Liu et al. grafted ethylenediamine onto the edge of graphene oxide to form aminated graphene oxide (GO-NH2) and prepared (60 ± 2) μ m thick SPEEK/GO-NH2 film. Due to the interaction between - SO3- and protonated N-bases, aminated graphene oxide is uniformly dispersed. The intrinsic balance between conductivity and permeability is achieved through three aspects: (1) two-dimensional layered graphene oxide is impermeable, blocking ion channels in SPEEK. (2) The repulsive effect of protonated N-bases hinders the mixing of vanadium ions. (3) The size repulsion between - NH3+and - SO3- groups narrows the transport channel and suppresses the mixing of vanadium ions, but protons with smaller ionic radii can migrate from the narrow channel. The selectivity of SPEEK/GO-NH2 membrane is highest at a GO-NH2 content of 2%, which is 6 times higher than that of Nafion115 membrane.

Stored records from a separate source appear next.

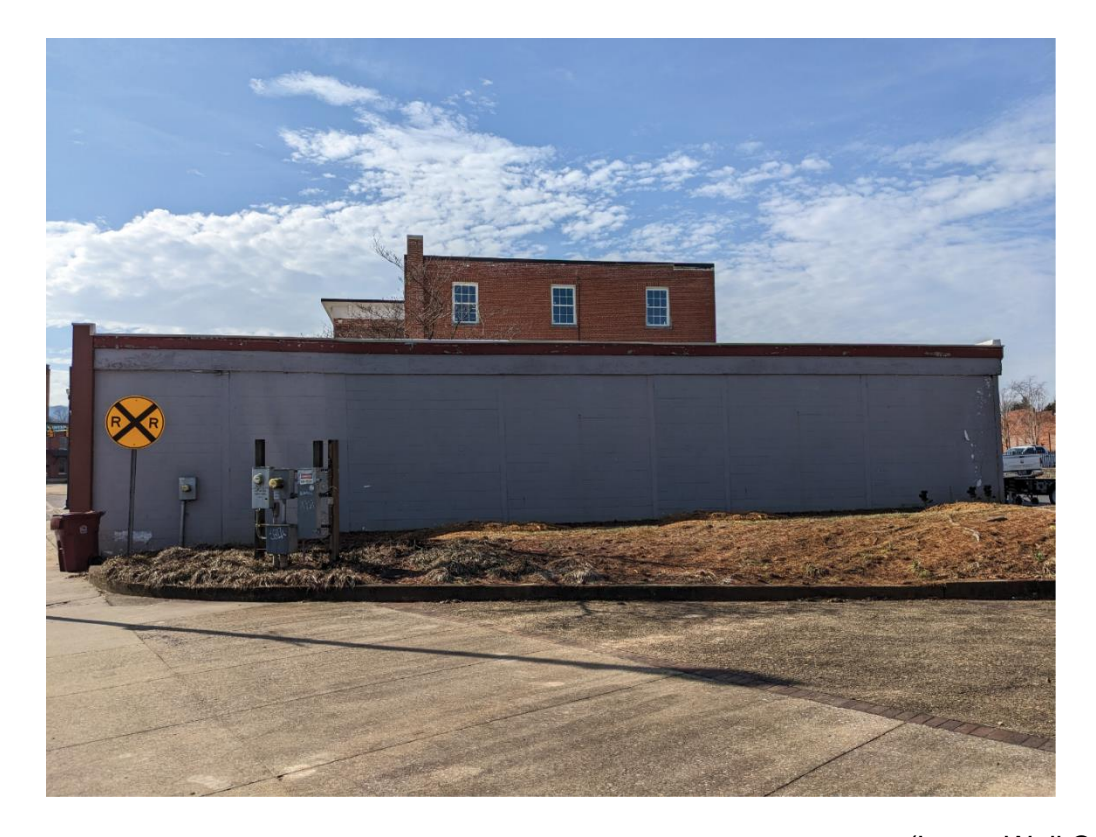
(Lower Wall Only)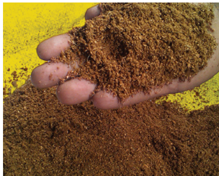
SpillFix® Granular Absorbent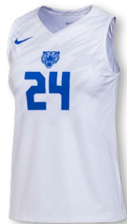
NEW PATTERN NIKE DIGITAL HYPERELITE SL JERSEY BV1011 Page 7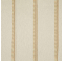
3251-01 ACACIA - NATUREL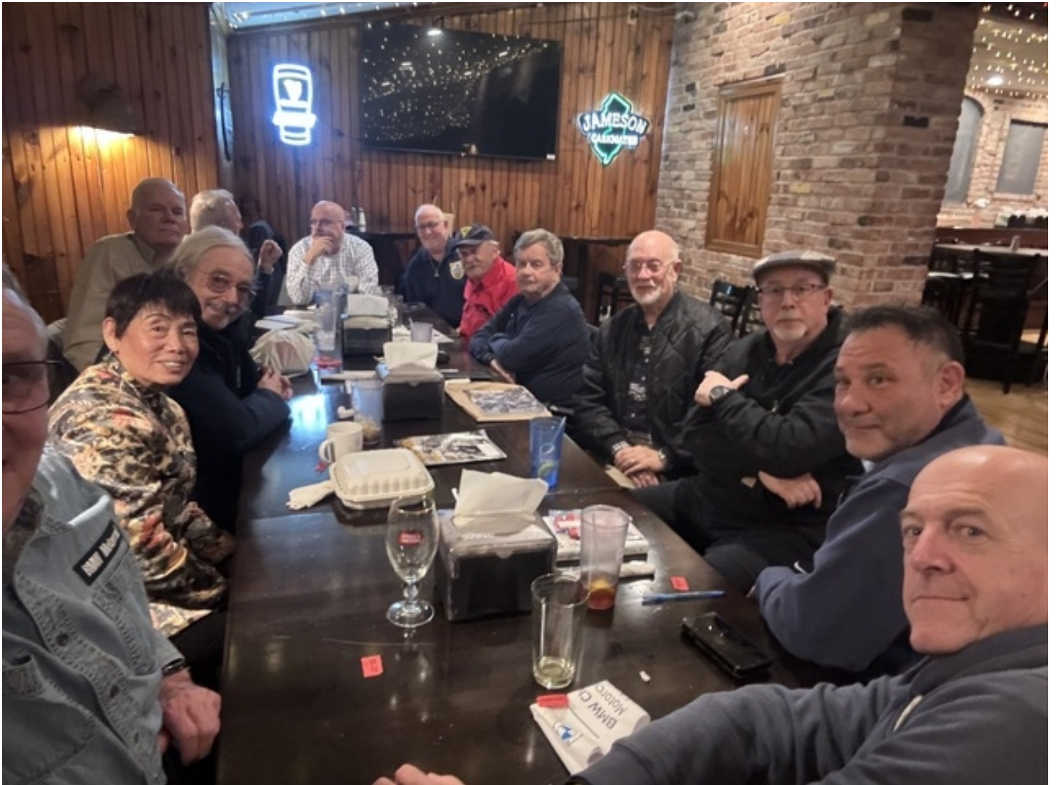
The meeting at Woody's on Feb 12.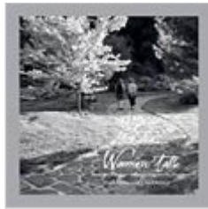
Purchase a new desk calendar

100% of all sales directly support the organization.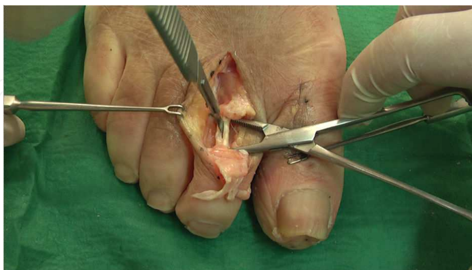
Figure 5. Flexor digitorum brevis is divided longitudinally and proximally using a blade #15 to permit passage of the flexor digitorum longus tendon.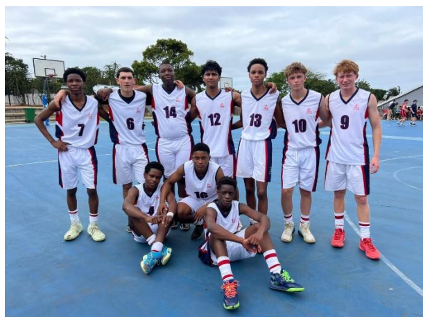
The 2 nd basketball team after their narrow loss (25-30) against Northwood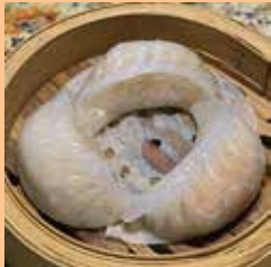
XO金菇餃 XO Enoki Dumplings Shrimp, Celery, Carrots & Enoki Mushroom (L)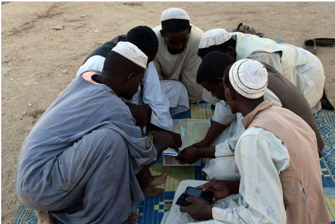
Figure 2 Residents of Mikaisir discussing the map of Mograt.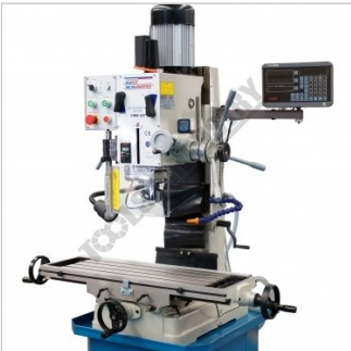
Right Side Close Up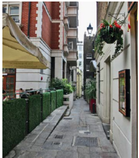
Strand, next to Exchange Court, through the arch and next to the house no. 419A - is the site of the first Russian Orthodox Church in London.

-How many parishioners are there in your parishes? Are there more Russian immigrants or British people? What are their relations like?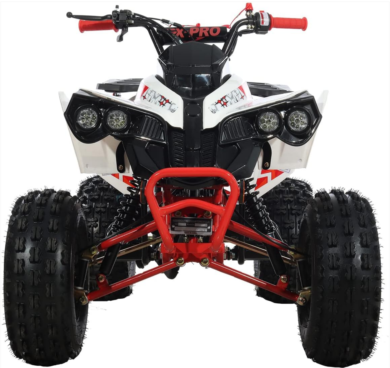
Image: Assembled X-PRO Storm 125 ATV, front view.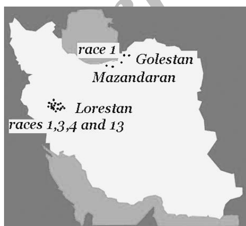
Figure 2. Distribution of the isolates and races in Lorestan, Mazandaran and Golestan Provinces.

About 22 isolates of P. sojae from 35 different farms country-wide were obtained during this research. The reactions of the isolates on the differential sets using the hypocotyls inoculation method are shown in

In addition, compared with SPEEK membrane, GO-NH2 enhances the oxidation stability of SPEEK membrane, but has a negative impact on the mechanical properties of SPEEK membrane [4].

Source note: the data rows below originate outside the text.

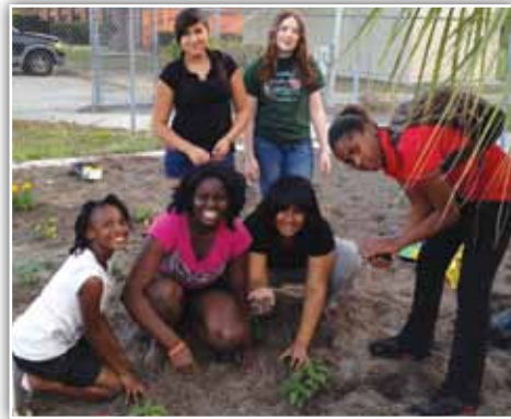
Troop 58 from Jacksonville planted a vegetable and flower garden for Southside Middle School - they also worked with the Park Rangers of Manatee Springs to clean Clay Landing!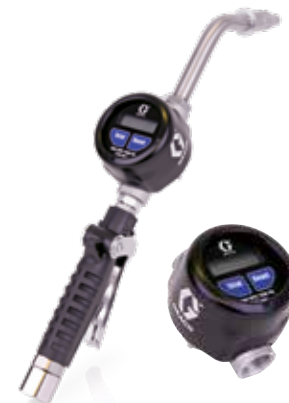
EM® Series Meters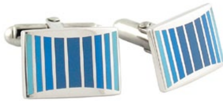
STERLING SILVER BLUE GRADIATED (CL-GRAD-BL)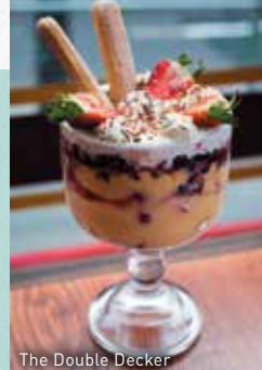
The Double Decker

The ultimate sundae! Layers of sponge fingers, summer berry compote and custard with chunks of brownie, chocolate honeycomb, toffee flavour sauce and vanilla ice cream, finished with whipped cream, strawberries and sprinkles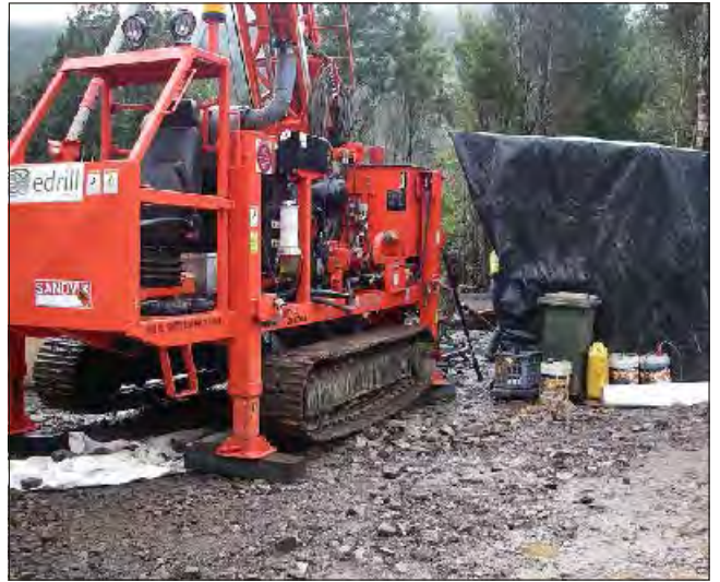
Drill site. Note oil absorbent matting under the rig.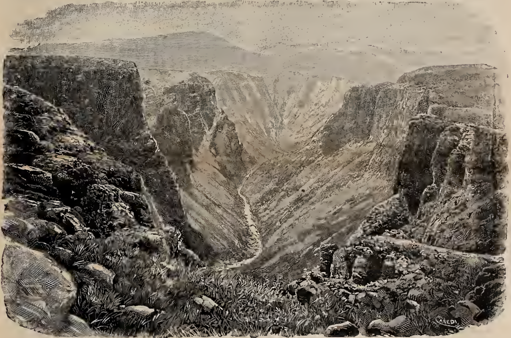
SOUTH AFRICA: COURSE OF THE MALUTWENYANA RIVER IN BASUTOLAND. (See p. 94.)

Do you wish to hear something more of these strange little creatures? If the pieces of timber they have set themselves to demolish are large, they make their nests in them and live in them till they acquire their perfect state of life, i. e., until they become winged; and they do not leave it before having left behind them a new generation to continue the work they have begun. Then one evening, you will see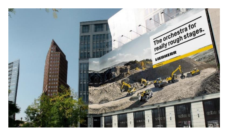
liebherr-brand-design-billboard.jpg Liebherr's brand design was awarded the iF Design Award 2023. It already received the Red Dot Design Award last year.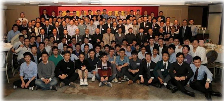
Wah Yan Medical Fraternity Annual Gathering – 2 December 2015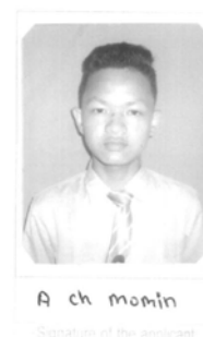
A ch momin Signature of the applicant

Tick (✓) in the box provided if candidate wishes to appear in all the subjects as Non-Regular.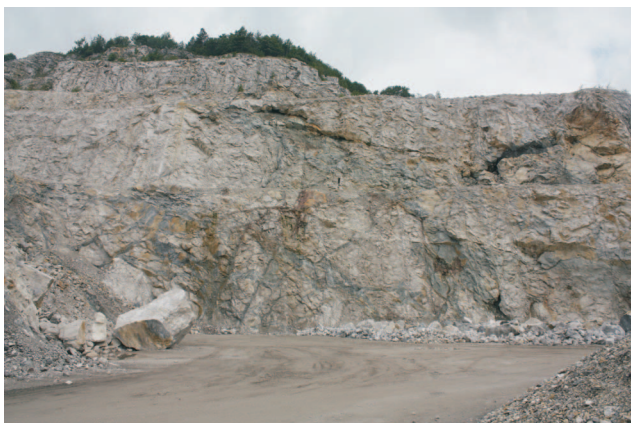
Fig. 2. View of the quarry wall, level 6, Kotouč Quarry near the place of finding the ammonite.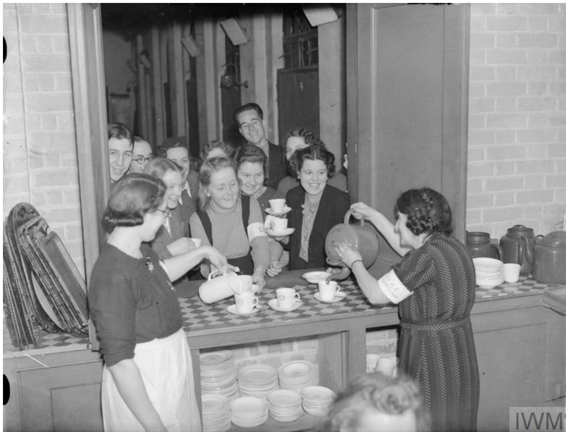
Volunteers prepare to distribute tea to people taking shelter in North London.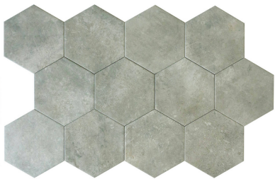
Seville 5.5X6.3" Grey Hexagon 5.5"x6.3" | Porcelain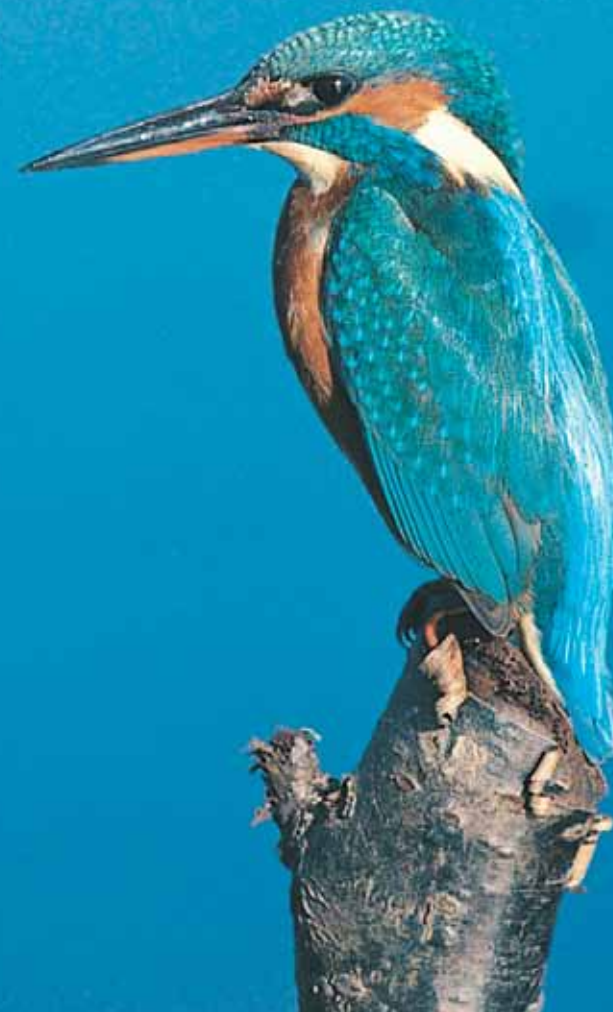
Cornwall Wildlife Trust / JB &amp; S Bottomley

Park et al. prepared sulfonated graphene oxide (sGO) using para aminosulfonic acid, and further functionalized sGO with phenyl isocyanate to produce isGO. A composite film was prepared by combining isGO with SPEEK with a sulfonation degree of 68%. The research results indicate that the water absorption rate of SPEEK/is GO membrane is slightly lower than that of SPEEK/s GO membrane, and the proton conductivity of the two is similar. Due to the differential separation between hydrophobic and hydrophilic waters in SPEEK, as well as the effect of two-dimensional layered graphene oxide, the ion selectivity of the composite membrane is about 4 times that of the Nafion117 membrane, while the permeability (1.0 × 10-7 cm2/min) is 8 times lower than that of the Nafion117 membrane [5].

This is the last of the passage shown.